Setelah 30-50 tahun, di melanjutkan, perusahaan akan meninggalkan Sangihe dengan keuntungan besar di kantong. Sebaliknya, masyarakat akan mewarisi kerusakan alam dan ruang hidup yang masif, bisa jadi di area 42.000 hektar di selatan pulau. Maka, kata Samsared, SSI terus menyerukan ajakan agar masyarakat menolak menjual tanah mereka kepada PT TMS.
Pelaut, bukan petambang
Imbauan untuk tidak menjual lahan juga datang dari Wakil Ketua DPRD Kepulauan Sangihe Michael Thungari. Sebab, tambang emas di pulau sekecil Sangihe jelas tidak sesuai Undang-Undang tentang Pengelolaan Wilayah Pesisir dan Pulau-pulau Kecil. Ia bahkan berharap warga dan PT TMS tak akan pernah mencapai kesepakatan harga.
”Mudah-mudahan sampai seterusnya masyarakat tidak tergiur karena nenek moyang kita adalah pelaut dan nelayan, bukan petambang. Kita tidak pernah berpikir daerah kecil seperti ini akan ditambang. Perairan para nelayan bisa tercemar,” kata Michael.

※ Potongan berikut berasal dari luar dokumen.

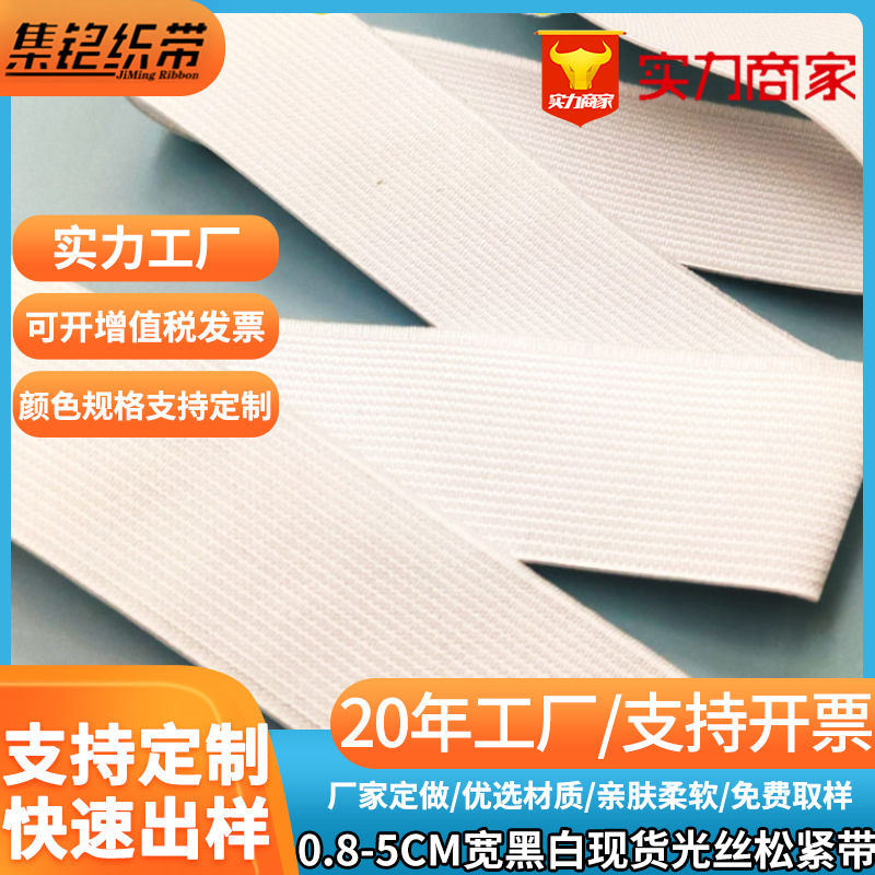 Pita elastis serat optik hitam dan putih Masker Mata Pita elastis pita cahaya glossy gelang karet lebar 0.8-5CM grosir
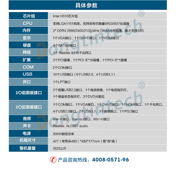 • 東田酷睿8代機器視覺工控機 4U工控機 上架式工控機 DT-610L-IH310MB
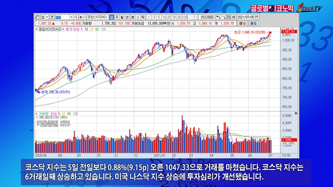 코스닥 지수는 5일 전일보다 0.88%(9.15p) 오른 1047.33으로 거래를 마쳤습니다. 코스닥 지수는 6거래일째 상승하고 있습니다. 미국 나스닥 지수 상승에 투자심리가 개선됐습니다.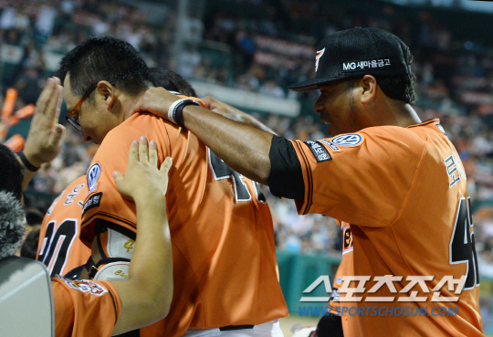 2015 KBO리그 한화이글스와 롯데자이언츠의 경기가 8일 대전 한화생명 이글스파크에서 열렸다. 한화 로저스가 8회말 동점 3점홈런을 친 조인성을 환영하고 있다. 대전=최문영 기자 deer@sportschosun.com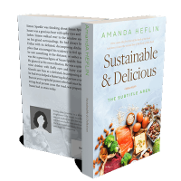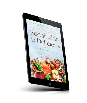 “A variety of fresh foods like salmon, beef, eggs, nuts, and greens surrounding a book cover with a minimalist design and greenery accents.”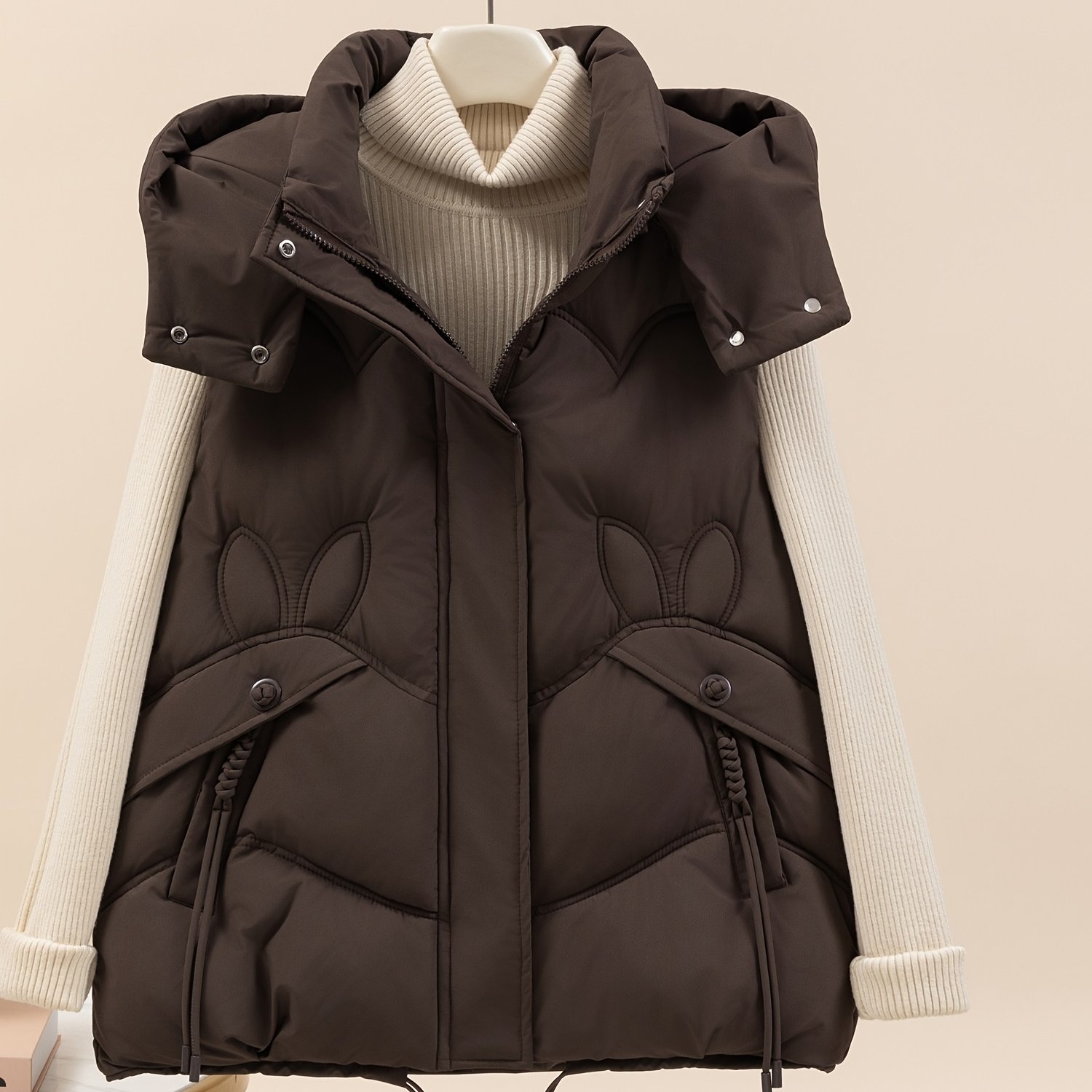 TEMU 새로운 탈부착 가능 후드 겨울 조끼, 두꺼운 만화 토끼 디자인, 루즈핏, 한국 스타일

Baca juga : Tambang Emas Sangihe Masih Mungkin Meluas
Bupati Kepulauan Sangihe Jabes Gahana juga mengaku tak mendukung PT TMS beroperasi di Sangihe. Sebab, pertambangan tidak sesuai dengan orientasi pengembangan potensi terbesar Sangihe, yaitu perikanan dan pariwisata. Namun, ia mengaku tak bisa menentang kebijakan pemerintah pusat yang telah menerbitkan IUPK operasi produksi bagi PT TMS.
Di tengah penolakan berbagai pihak, Bob mengatakan, para penolak tambang, termasuk SSI, tetap ia lihat sebagai mitra masa depan. Penolakan pemkab dan DPRD Kepulauan Sangihe pun tak berpengaruh karena pada 2008 dua lembaga itu telah menyetujui kelanjutan eksplorasi PT TMS.
Soal dampak terhadap lingkungan, kata Bob, teknologi dan infrastruktur yang memadai akan memitigasinya. Bibit-bibit pohon sengon, ketapang, rumbia, dan tanaman rambat lain untuk rehabilitasi lahan bekas konsesi 30-50 tahun lagi bahkan telah siap.
”Hanya waktu yang bisa membuktikan bahwa kami melakukan hal yang benar. Kami akan terus mempersiapkan lahan karena dalam tiga tahun konstruksi (situs tambang) harus sudah selesai,” ujar Bob.
Di Kampung Salurang, Faris Makahinda masih memikirkan uang Rp 10 miliar. Kepercayaannya kepada PT TMS tak goyah. Menurut dia, penolak tambang emas justru adalah orang-orang yang gagal paham karena tak tahu isi izin lingkungan dan amdal.
”Biarpun ada satu juta orang menolak perusahaan, kalau pemilik lahan tetap mau jual tanahnya, mereka mau berbuat apa?” katanya.